Early cell phones--particularly flip phones--were often compared to the communicators in the original Star Trek series. A company called Humane thinks it has a replacement for the handheld communicator cell phone and it appears to mimic the badge communicators from The Next Generation and later iterations of Trek:

The Time article begins:

    Ken Kocienda walks toward me, with a small white square pinned to his shirt. He taps the square with two fingers, eliciting a beep. “Play songs written by Prince, but not performed by Prince,” he says.

    Another beep. The SinĂ©ad O’Connor version of ‘Nothing Compares 2 U’—a song originally written by Prince—begins to play.

    Kocienda raises his palm. A green volume meter, pause button, and next-song button appear on his hand. He twists his wrist clockwise, and the volume rises. Anticlockwise, and the song gets quieter. He clasps his fingers, and the music pauses completely. Then he drops his hand and the green laser display vanishes.

    “I just love the way the computer’s there, and then the computer’s gone,” Kocienda tells me, maintaining eye contact. “One of the aspects is, you stay in the moment with people that you’re with.”

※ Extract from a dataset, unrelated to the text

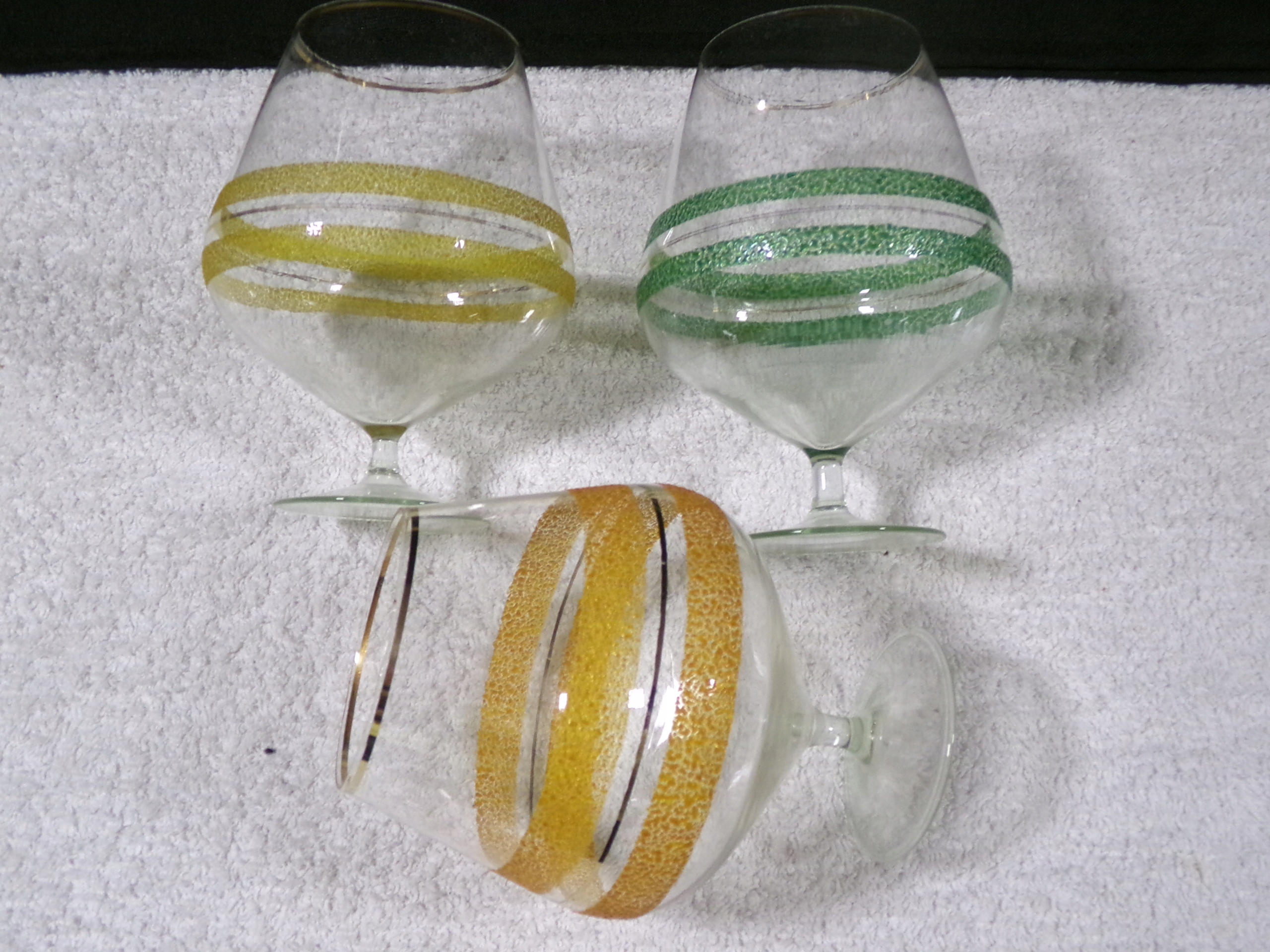 Набір 3 окулярів для коньяку висотою 13,5 см, середній діаметр 6 см, ємність 300 мл, вагою 0,31 кг. Дуже хороший стан збережений, без пошкоджень.

    Kocienda is the head of product engineering at Humane, a San Francisco company which, on Thursday, launched a device that its creators hope will be the iPhone for the AI generation. While the wearable computer, called the Humane Ai Pin, has a laser display that can be projected onto your hand if needed, the idea is that the device is screenless, instead conversing with its user in the form of speech. Its operating system calls upon AI large language models, including OpenAI’s GPT-4, for tasks as varied as calling a friend, translating a face-to-face conversation in real time, taking photographs, reminding you what your partner texted you last Thursday, or settling a dinnertime dispute about how many moons Jupiter has. ...

2 comments:

  1. I could go for the pin thingy - seems much more human than the phone. Time will tell.